After all, who could forget Bear Bryant taking the 1963 Alabama team to Brussels? Joe Namath’s impassioned address to the European Economic Community is still credited with contributing to de Gaulle’s decision to block the UK’s entry into the common market, and we all know the tone that set in Francophone leadership of the EEC for the following decade, amirite? Roule la maree!

And had Knute Rockne and the Notre Dame football team not interceded on Leon Trotsky’s behalf during their barnstorming tour of the Soviet Union in 1927, Stalin may well have just had him executed then rather than deporting him.

Of course, students of college football remember John Heisman’s Georgia Tech team and their direct and prominent involvement in convincing the British war government to abandon the disastrous Dardanelles campaign in early 1916, just as his Yellow Jackets were hitting the peak of their dominance in the late 1910s.

What these lessons and so many others teach us, of course, is that history’s greatest football coaches have always prioritized making their charges into men of the world, into prominent ambassadors abroad, just as prominently as making them into winning football players. The one naturally follows the other and is in no way a headline-seeking distraction from the fact that your program hasn’t sniffed a division title, to say nothing of a conference or national version.

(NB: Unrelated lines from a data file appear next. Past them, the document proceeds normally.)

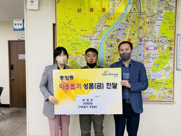 ㈜원진 최원진 대표는 “코로나19 장기화로 어려운 이웃에게 더 많은 관심이 필요한 시기이다 앞으로도 작은 나눔 활동을 통해 지역사회 발전에 기여하고 도움이 필요한 분들에게 희망을 전달할 수 있도록 노력하겠다”고 말했다.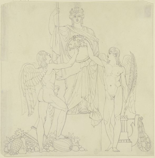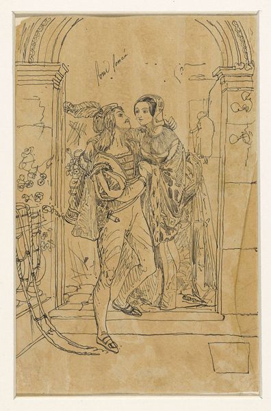 Nicolai Abildgaard created this drawing, "Pamphilus og Davus i samtale," using pen and brown ink on paper. The composition is stark, dominated by the figures of Pamphilus and Davus, sketched with precise lines against the plain backdrop. Notice how Abildgaard uses line to define form and convey emotion. Pamphilus stands with an open gesture, while Davus points emphatically, their interaction captured in a dynamic, almost theatrical manner. The use of space is intriguing; the figures are presented in a shallow depth, pushing them to the forefront and emphasizing their presence. The simplicity of the medium focuses attention on the formal elements of line and form. This aesthetic choice invites contemplation of the underlying structure of human interaction and the classical themes explored in Abildgaard's work. The artwork's semiotic richness lies in its classical references and the visual dialogue it establishes, prompting us to reflect on the nature of communication and representation.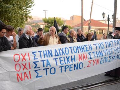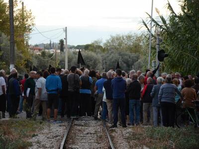 Δυναμική κινητοποίηση πραγματοποιήθηκε χθες από τους κατοίκους του Προάστιου και του Καστελλόκαμπου Πατρών για το θέμα της επικείμενης επίγειας διέλευσης της νέας σιδηροδρομικής γραμμής από το Ρίο έως και την οδό Κανελλοπούλου. Στη συγκέντρωση και συμβολική διαμαρτυρία με μαύρες σημαίες παρέστησαν μεταξύ άλλων η πρόεδρος του Δημοτικού συμβουλίου Κατερίνα Γεροπαναγιώτη, ο Ανδρέας Αντωνόπουλος, αρμόδιος για θέματα Τύπου, ο πρόεδρος της Κοινωφελούς Επιχείρησης καρναβάλι Πάτρας, Νίκος Χρυσοβιτσάνος και ο αντιδήμαρχος Παύλος Στάμος.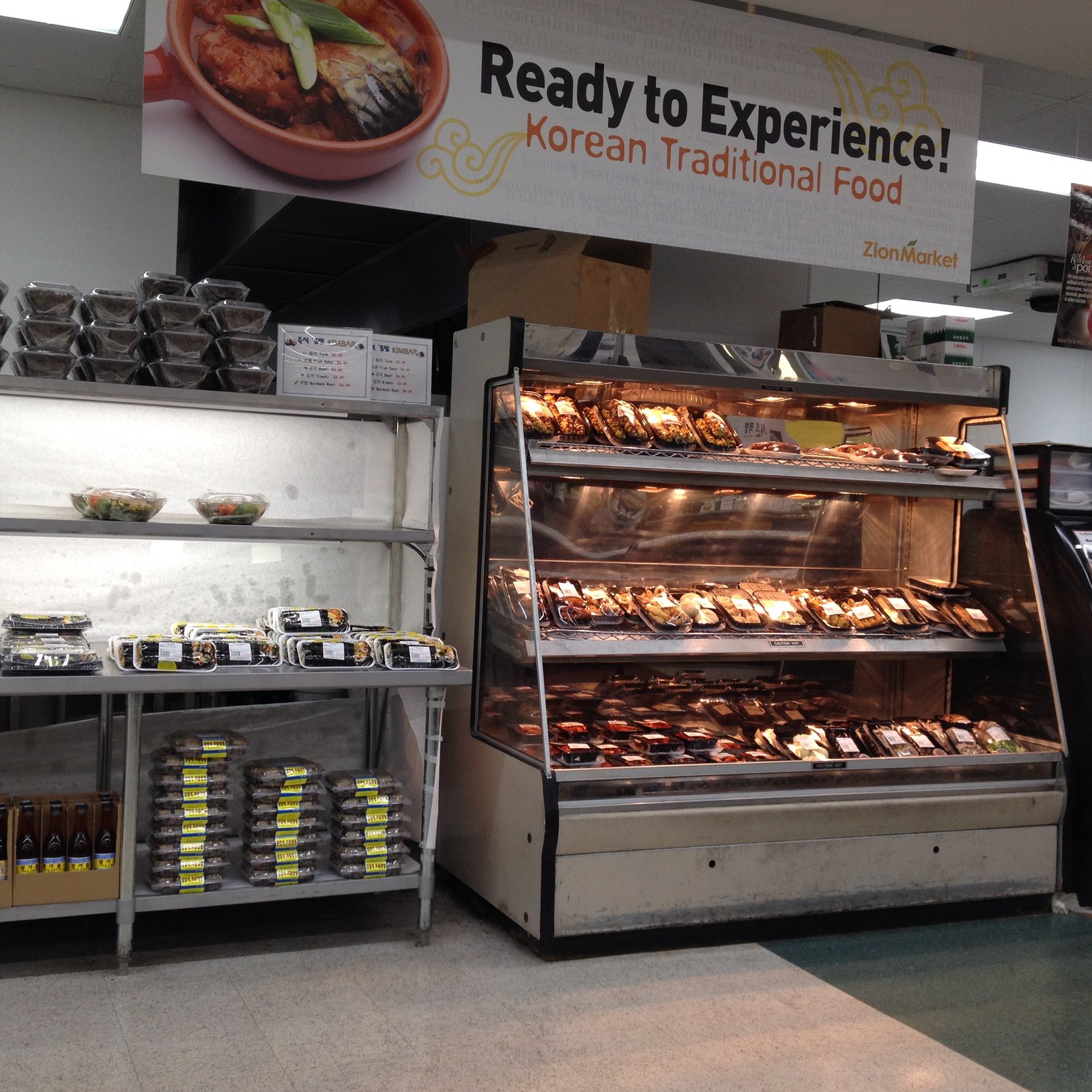 The hot and room temperature counters had just been filled with freshly prepared items.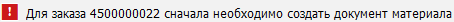Если в заказе содержатся позиции, требующие поставки, функционал выполняет поиск документа материала.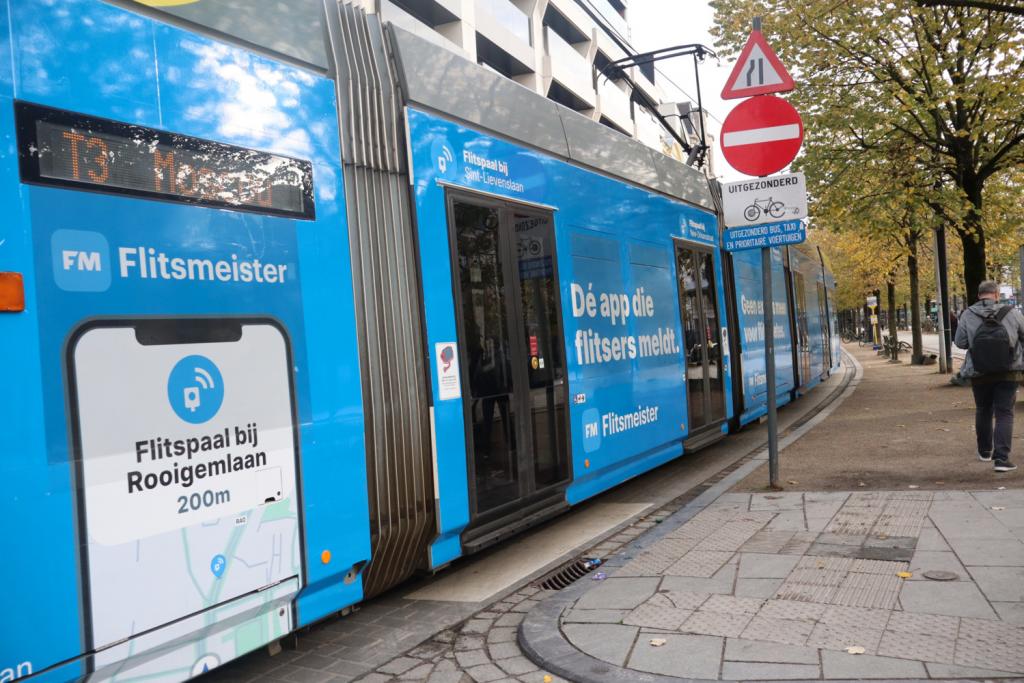 Integendeel zelfs, ze doen er nu nog een schep bovenop. Sinds kort rijdt er in Gent een tram rond waarvan de ruiten zijn beplakt met reclame voor Flitsmeister, een app die waarschuwt voor flitspalen en snelheidscontroles.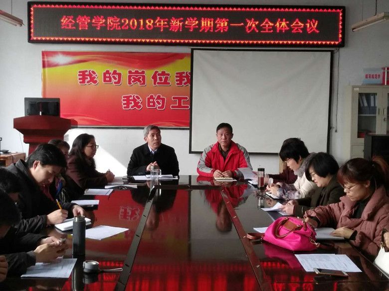 2018年3月3日上午10点,bw必威西汉姆联在学院三楼会议室召开了新学期的第一次全体教职工会议,学院经理卢国红、书记董永红、副经理赵春青、副经理李玉琪及全体教职工参加了会议。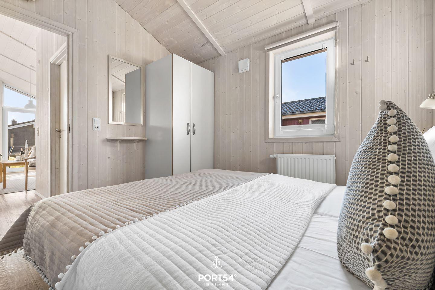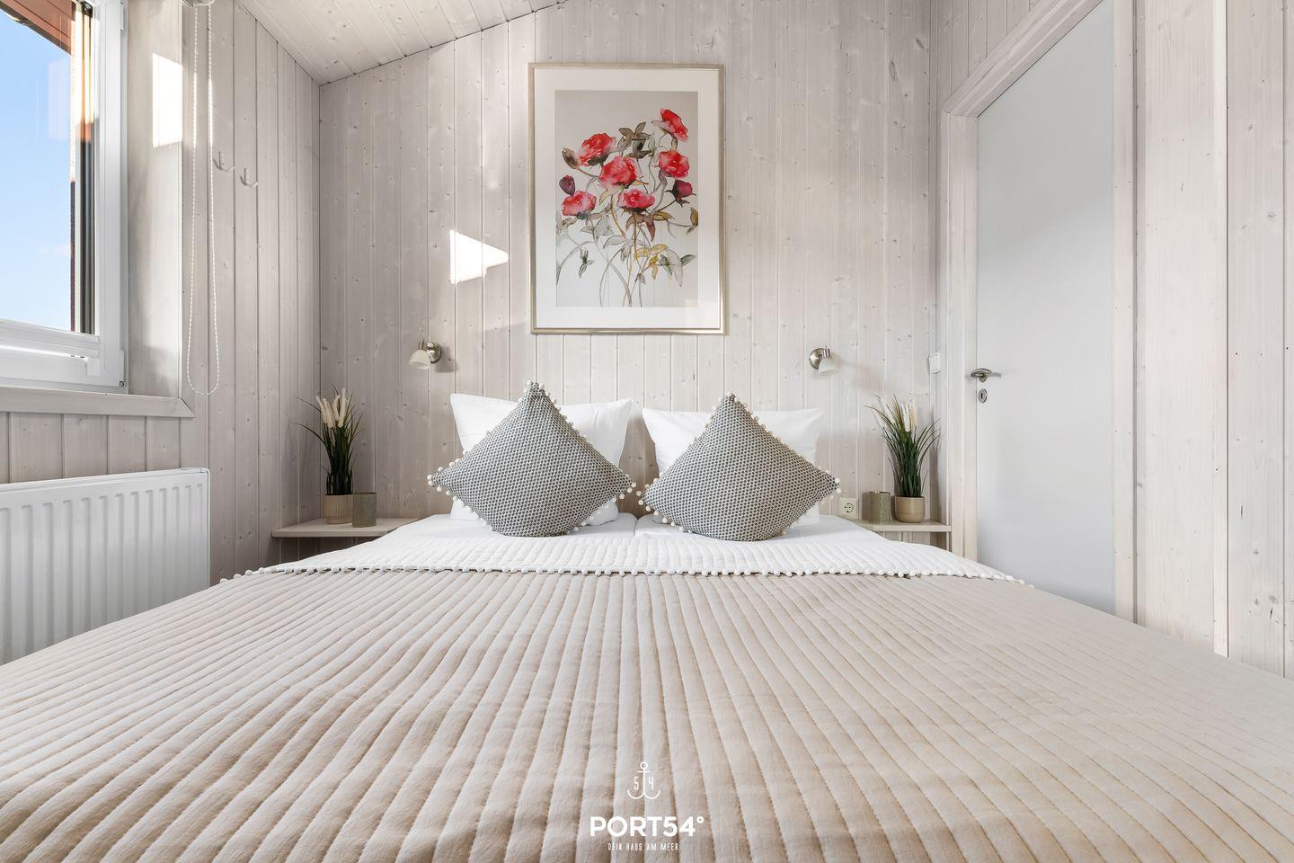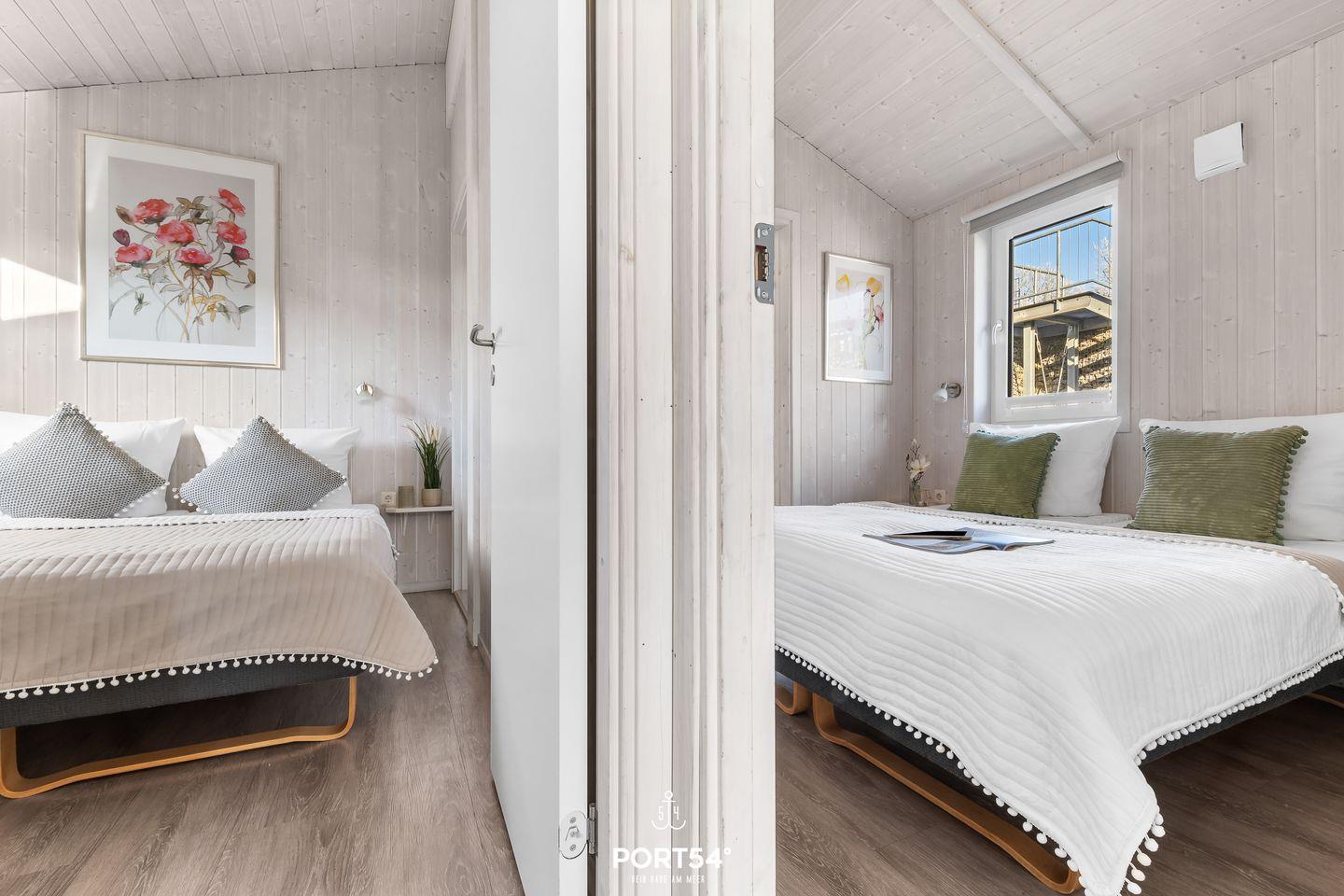 Das Ferienhaus verfügt über zwei Schlafzimmer, die jeweils mit zwei zusammengeschobenen Einzelbetten (zusammen 160 x 200 cm) ausgestattet sind. Die ruhige und naturnahe Farbgestaltung schafft eine angenehme, entspannte Atmosphäre für erholsame Nächte. Im Wohnzimmer findest du eine ausziehbare Schlafcouch (140 x 190 cm), die Platz für zwei weitere Personen bietet – ideal für Kinder oder Freunde. Bettwäsche und Handtücher können optional hinzugebucht werden.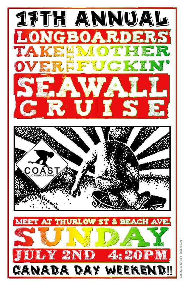 The 17th Annual Coast Longboarding Seawall Cruise is coming up Canada Day weekend, July 2nd, 4:20 Pm under the Big Tree by the Vancouver Aquatics Centre. You’ll see all the skaters, don’t worry. Or contact the event page.

The modern world demands a savvy, new-wave approach, though, and Michigan’s embrace of new media has been second to none. Consider also the Amazon-produced series All or Nothing, a chronicle of the 2017 Michigan football season. First, tip of the hat to Amazon for nailing the choice of the team to follow.

How, indeed, would the impressionable young minds Michigan’s coaching staff is trying to reach learn the importance of adversity in the face of abject inability to get the thing you want most, as they did in the Ohio State episode?

Or of coming very close to achieving a goal but failing, as in the Wisconsin episode?

Or of the importance of foresight and adaptation to something as simple as a change in the weather, as in the Michigan State episode?

Or the value of being able to take a punch, and then another punch, and then several dozen more punches before collapsing in a bloodied heap, as in the Penn State episode?

These, gentle readers, are more valuable lessons than could ever be imparted through raising gauche trophies or living up to your inherited, unearned reputation. Michigan Football was, is, and will remain a lesson in humility in an age that needs more of it. And so, to Tuesday’s question, posed in headline form: is he [Harbaugh] winning? Brother, given how satisfied its fans are with all that he’s accomplishing, what can the answer to that question be?